Albert László Barabási riceverà il 30 giugno a Torino il Premio Lagrange-Fondazione CRT (anticipiamo parte della lectio che terrà in quell’occasione). Il riconoscimento internazionale è il primo nel campo della scienza della complessità. Istituito dalla Fondazione CRT e coordinato dalla Fondazione ISI, è stato assegnato al matematico russo Yakov Grigorievich Sinai e all’economista britannico William Brian Arthur nel 2008, al fisico italiano Giorgio Parisi nel 2009 e al bioingegnere Usa James J. Collins nel 2010.

Per fare una previsione su una cosa qualsiasi servono dati. Molti dati. Chiunque vada dicendo di poter fare previsioni senza informazioni o è un veggente o un consulente d’azienda. Di conseguenza, per lanciarmi nella carriera di scienziato in grado di effettuare previsioni ho assegnato al mio voluminoso orologio il compito di raccogliere informazioni sui luoghi nei quali passavo. Nondimeno, a mano a mano che i dati si accumulavano sul disco fisso del mio computer, mi sono reso conto che una tecnologia diversa avrebbe potuto fornirmi non soltanto la mia posizione, ma anche quella dettagliata di milioni di altre persone. In realtà, infatti, il nostro server di telefonia mobile sa esattamente e sempre dove ci troviamo. Ogni volta che facciamo una telefonata, la nostra effettiva posizione è localizzata per potercene addebitare la spesa, e anche il numero che abbiamo chiamato è registrato.

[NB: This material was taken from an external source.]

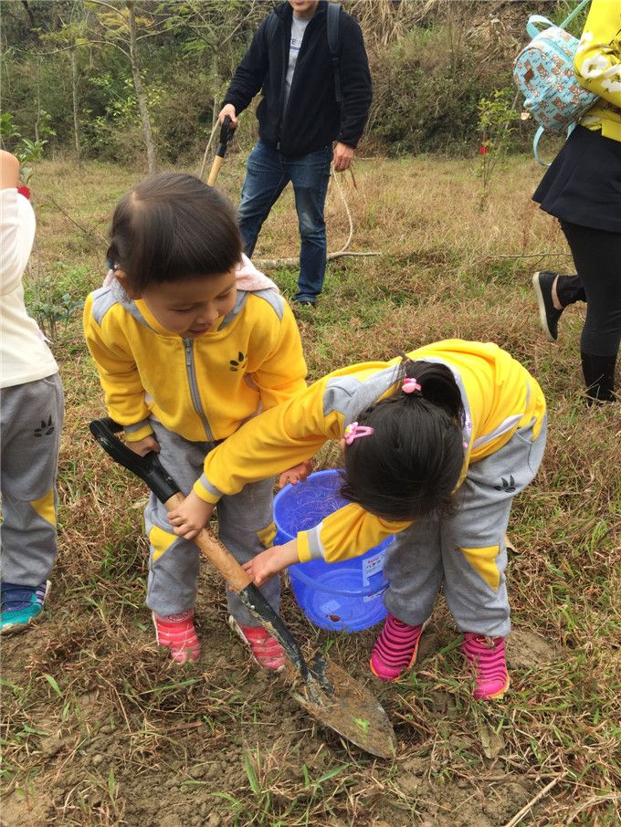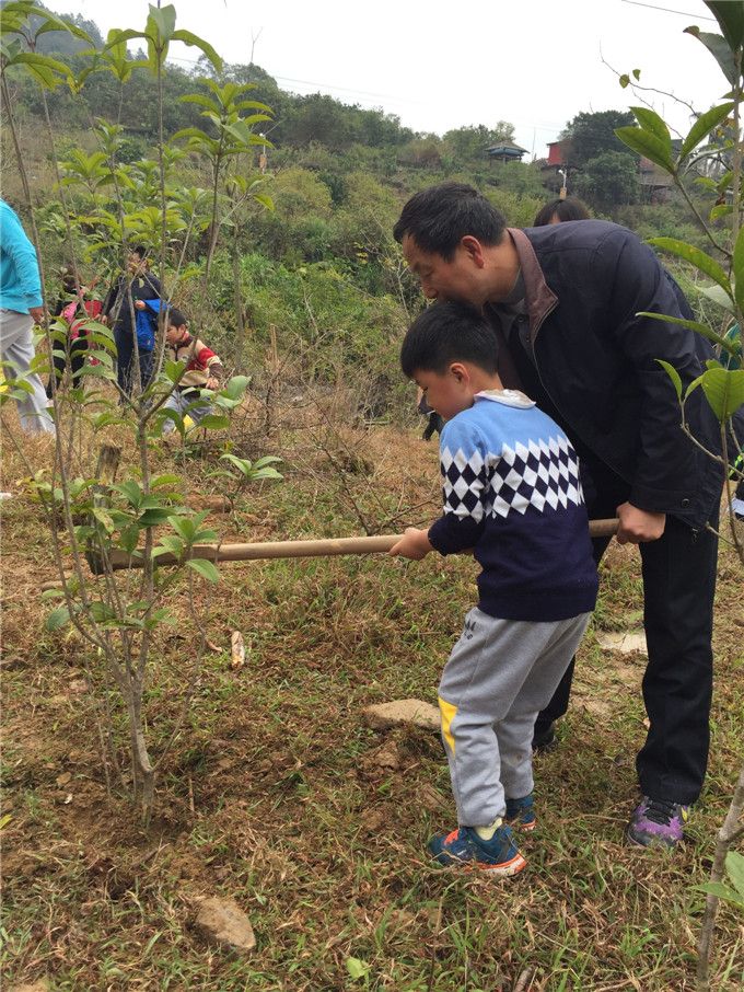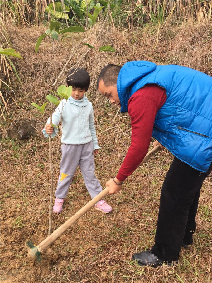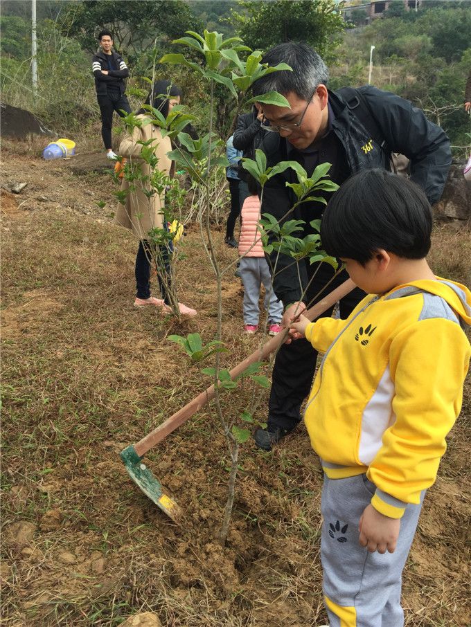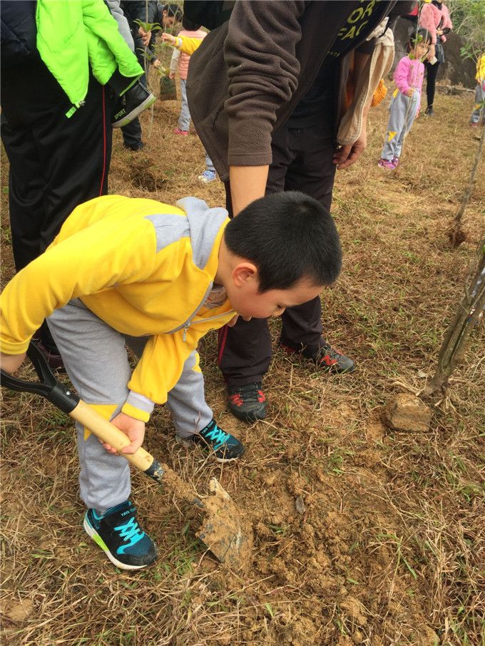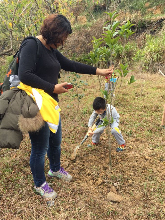 到达植树地点,植树活动正式开始了。小朋友纷纷领走自己的小树苗和爸爸妈妈一起合作种植“亲子树(桂花树)”。看,有的拿起小铁锹开始挖洞,有的把树放进挖好的洞里,再用泥土盖起来,最后,再给小树苗浇上清甜的河水。由于前两天降雨,土地有了雨水的滋润变得更加柔软,为我们的植树带来了便利。

Naturalmente, i server di telefonia mobile sono estremamente cauti nel diffondere tali informazioni, essendo vincolati dalla legge e dal desiderio di conservare la fiducia dei loro clienti. Malgrado ciò è evidente che questo tipo di informazione è prezioso, e pertanto viene condiviso con alcuni partner industriali per sviluppare applicazioni in funzione della località nella quale ci si trova, oppure con ricercatori come me che la utilizzano per studiare di tutto un po’, dai social network al comportamento umano. Ovviamente, tali informazioni pervengono in laboratorio in forma assolutamente anonima, il che significa che non conosciamo il nome dell’utente né il suo numero di telefono. Dalla nostra prospettiva, pertanto, ogni individuo è simile a un atomo di un gas che si muove in modo apparentemente casuale nello spazio e interagisce in momenti apparentemente imprevedibili con gli altri "atomi", terreno familiare a chiunque abbia studiato la fisica statistica. In uno studio recente, pubblicato sulla rivista Science abbiamo utilizzato le informazioni dei server di telefonia mobile per porre una domanda semplice, seppur aborrita: se ho accesso a tutti gli spostamenti effettuati da qualcuno negli ultimi mesi, con quanta accuratezza potrei essere in grado di prevedere dove quel qualcuno si troverà domani a mezzogiorno?

I normali impiegati sono bloccati alla scrivania almeno otto ore al giorno. Se a queste aggiungiamo altre otto ore di riposo a casa, circa un terzo del loro tempo resta a loro completa disposizione. Ciò significa che conoscendo anche solo vagamente gli orari della giornata di qualcuno è possibile prevedere nel 66 per cento dei casi dove si trovi.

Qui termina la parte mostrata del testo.